Materials and Methods
Insect Material
Adults and larval stages of Henestaris halophilus were collected from their natural habitat in Talamone (Italy) and Sülldorf (Saxony-Anhalt, Germany). Live individuals were brought to the laboratory and maintained at 25 °C under long day conditions (16:8 h) on sunflower seeds and distilled water enriched with 0.05% ascorbic acid. Laid eggs were carefully collected and allowed to develop at 25 °C. Developing eggs were extracted for fixation (eggs were dissected in 90% [vol/vol] ethanol to remove chorion and vitelline membrane) followed by whole mount fluorescence in situ hybridization (wFISH) analysis. Insect bacteriomes and ovaries were dissected in Ringer's solution (8.0 g NaCl, 0.4 g KCl, 0.4 g CaCl2, and 1.0 g Hepes per liter, pH 7.2).
Microscopy Analysis
For wFISH, freshly dissected bacteriomes, ovaries, and embryos were incubated overnight at room temperature in Carnoy’s solution (ethanol:chloroform:acetate, 6:3:1) and then washed in an ascending ethanol series (70%, 90%, and 2× 100%). After washing, the fixed samples were stored at −20 °C until use. Afterwards, all samples were washed with PBSTw [PBS (137 mM NaCl, 2.7 mM KCl, 8.1 mM Na2HPO4, 1.5 mM KH2PO4, pH 7.4) containing 0.3% Tween 20] three times for 10 min. After thorough washing, the samples were equilibrated with hybridization buffer [30% (vol/vol) formamide, 0.02 M Tris–HCl (pH 8.0), 0.9 M NaCl, 0.01% SDS] three times for 10 min, followed by overnight incubation at 28 °C in hybridization buffer containing 1% of 10 nmol/µl symbiont specific probe Hen500 (5'-Cy3-CCATTGTCTTCTTCTCCGCC-3') and helper probe Hen500_H1 (5'-GAAAGTGCTTTACAACCCTAAGG-3'). Next, the samples were incubated for 20 min at 42 °C in hybridization buffer without probe. The samples were washed again with PBSTw three times for 15 min, and then incubated with 1% (vol/vol) SYBR Green I (1:10,000). The staining was stopped by washing in PBSTw. At the final step, the samples were mounted onto glass slides using antifade solution (citifluor) and glycerol (1:1) containing medium. The samples were examined under an SP5 confocal laser-scanning microscope (Leica). Electron microscopy was performed as described by Kuechler et al. (2012).

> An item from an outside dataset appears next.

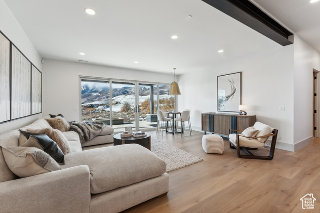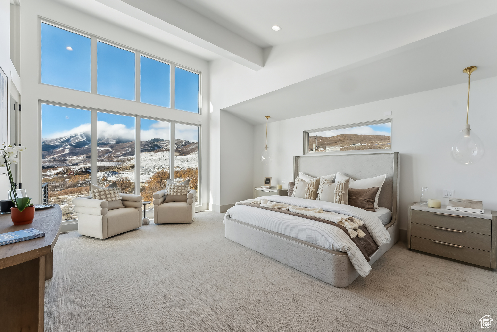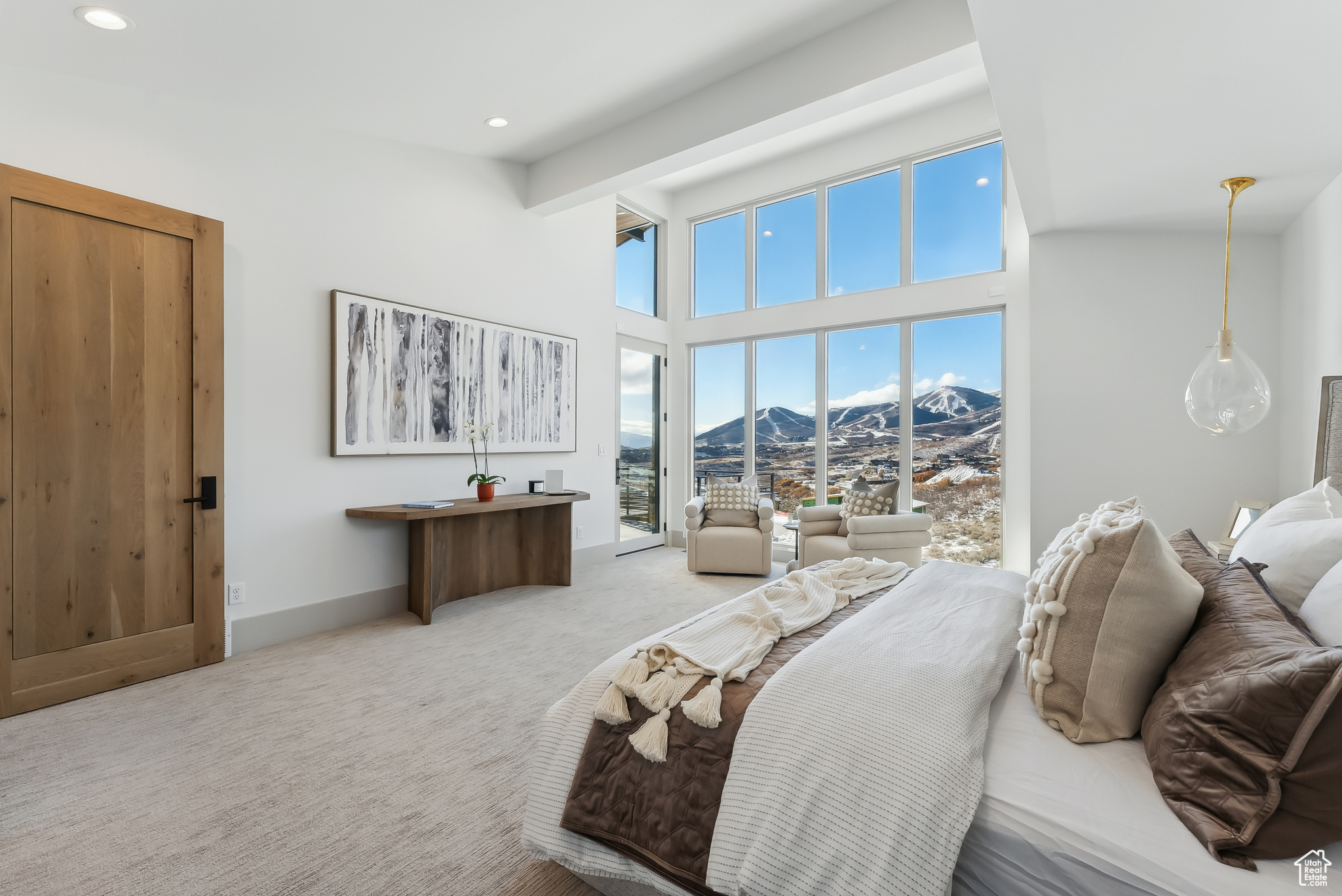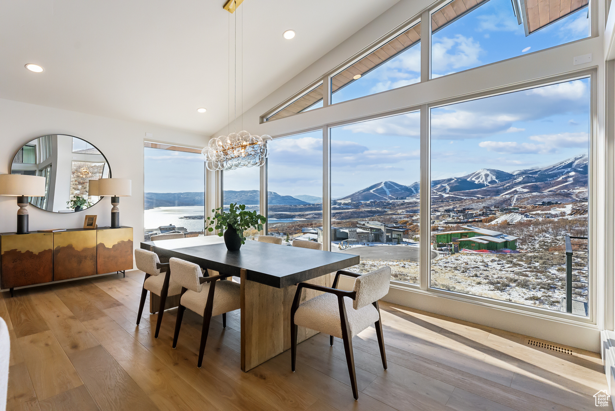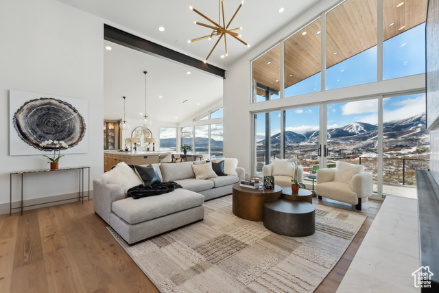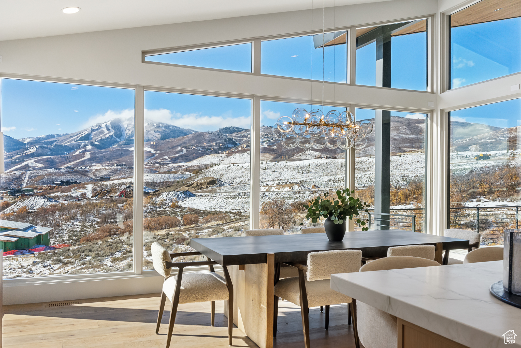 Stunning brand new home w/Deer Valley & lake views adjacent to SkyRidge open space & trails. Beautiful brand new home, move in ready just in time for ski season! SkyRidge offers direct ski resort shuttle service that drops off at Deer Valley's gondola and offers ski shuttle pick up at your front door! Great 2 level mountain contemporary floor plan with spacious main level primary complete with spa like bathroom and large walk-in closet with W/D hookups. Sweeping Deer Valley ski resort & Jordanelle lake views from great room, dining, kitchen, primary bedroom and large entertaining deck. Luxurious finishes throughout. Gorgeous kitchen with Thermador appliances, huge island in kitchen, natural stone countertops dramatic fire place, vaulted ceilings, Heated driveway, oversized 2 car garage. 4 ensuite bedrooms plus 2 powder baths. Spacious downstairs family room has a charming wet bar with ice maker, fridge, sink and wine storage. This home is situated on a fabulous lot directly adjacent to SkyRidge open space AND is walking distance to the future SkyRidge Club house and future amenities including, pool, restaurant, fitness, golf and so much more. Huge kitchen with spacious butlers pantry. Generous laundry room with double sets of W/D's. Custom outdoor fire feature on patio by family room. Built by McCarthy Custom Homes & Highland Group Design. Staged by Sticks & Stones. Furniture not included in List price. Easy to show, Call listing agent.

DNA Extraction, Sequencing, and Genome Annotation
A pool of bacteriomes dissected from 25 females was utilized for total genomic DNA extraction using the PureLink Genomic DNA Mini Kit (Invitrogen). Six independent whole-genome amplification reactions (GenomiPhi v2, GE Healthcare) were performed following manufacturer instructions. Because chimera formation seems to be a random process, samples were mixed to maintain possible chimeras at a low ratio relative to the amplified nonchimeric DNA. Amplified DNA was used for sequencing by the Illumina HiSeq2000 (350-bp paired-end library and 2× 100 bp) platform at Macrogen, Inc. Genome assembly and annotation procedures are presented in Supplementary Material online.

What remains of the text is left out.